As councils cut funding to mainstream institutions, a not-for-profit organisation is setting up loan schemes in homes, gardens and cafés

At a time when library closures are making the headlines, the idea of opening 100 new ones within a year may seem a little fanciful. But book-loving communities are signing up to help do just that, with libraries popping up everywhere from front gardens to cafés.

The not-for-profit Little Free Library Project (LFLP) is installing small, house-shaped wooden boxes outside the homes or businesses of volunteers who stock them with books. Local people can then help themselves to the titles, or donate their own volumes.

Since launching in May, the project has installed 18 little "libraries" in east and north London, and aims to open 100 across the UK within the next 12 months.

On Saturday, the first one outside London will open near Bromsgrove, in Worcestershire, with further libraries heading to locations including Bournville near Birmingham, Manchester, Hove in East Sussex and Thundersley in Essex.

As well as using their school library, pupils at Frederick Bremer School in Walthamstow, east London, the setting for the Channel 4 series Educating the East End (which screens from 4 September), will soon also be able to swap books at their own little library.

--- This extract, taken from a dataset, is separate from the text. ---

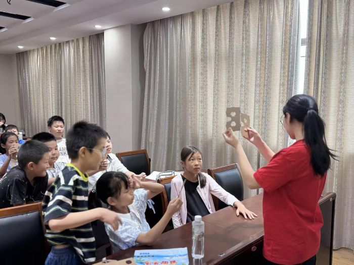 科技探秘與心靈成長 雙軌并行促發(fā)展 在桃北村公益暑托班,“神奇的光學魔法 —— 探秘 VR 技術” 主題活動點燃了孩子們的好奇心。“大家玩過 VR 游戲嗎?” 志愿者的提問引發(fā)熱烈回應,一名小學生舉手搶答:“就是戴個眼鏡、拿手柄玩的!”隨后,志愿者播放 VR 技術應用視頻:醫(yī)療手術模擬、航天員太空訓練、博物館沉浸式游覽……“原來 VR 不只是玩游戲,還能做這么多厲害的事!” 孩子們的驚嘆聲此起彼伏。
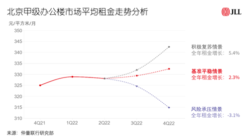 在三種情景下,北京甲級辦公樓市場平均租金將呈現如圖中不同走勢:

Lauren Sodderland, 37, a curator, wanted to instil a love of reading in her three children – Matilda, six, Astrid, three, and Olive, six months – and has hosted a little library in the family's front garden in Hackney, east London, since early July.

"My favourite bit of the project really has been that it has been used by such a wide range of people in the community and I have got to meet them," she said.

"For the children, it's that they can put on their pyjamas and run out and choose their bedtime story from their own library."

The project is inspired by the Little Free Library scheme, which has become popular in the United States since 2009. Each library is decorated by a local artist. The latest design, unveiled yesterday in Leytonstone, east London, was created by tattoo artist Leticia Molera Vasquez, who took inspiration from Epping Forest, which lies close to the home of library host Felicity Hall.

Social worker Ann Woods, 59, will host a library in Melling, outside Liverpool, soon. "I just think it's a great idea, especially now with libraries closing and people not having as much money to maybe go out and buy books," she said.

Nick Cheshire, 39, who set up the LFLP with his wife, Rebecca, stressed the project was not designed to replace local council libraries but to be an additional source of books. The project has an informal partnership with Waltham Forest borough in London, where little libraries promote events at the mainstream libraries and receive their surplus books in return.

"It's about community engagement, promoting reading, and art," said Mr Cheshire.

The project finances the libraries through crowd funding, but will apply for grant funding once it receives charity status. It is already working with other charities to provide libraries to help engage the communities with which they work and highlight their causes.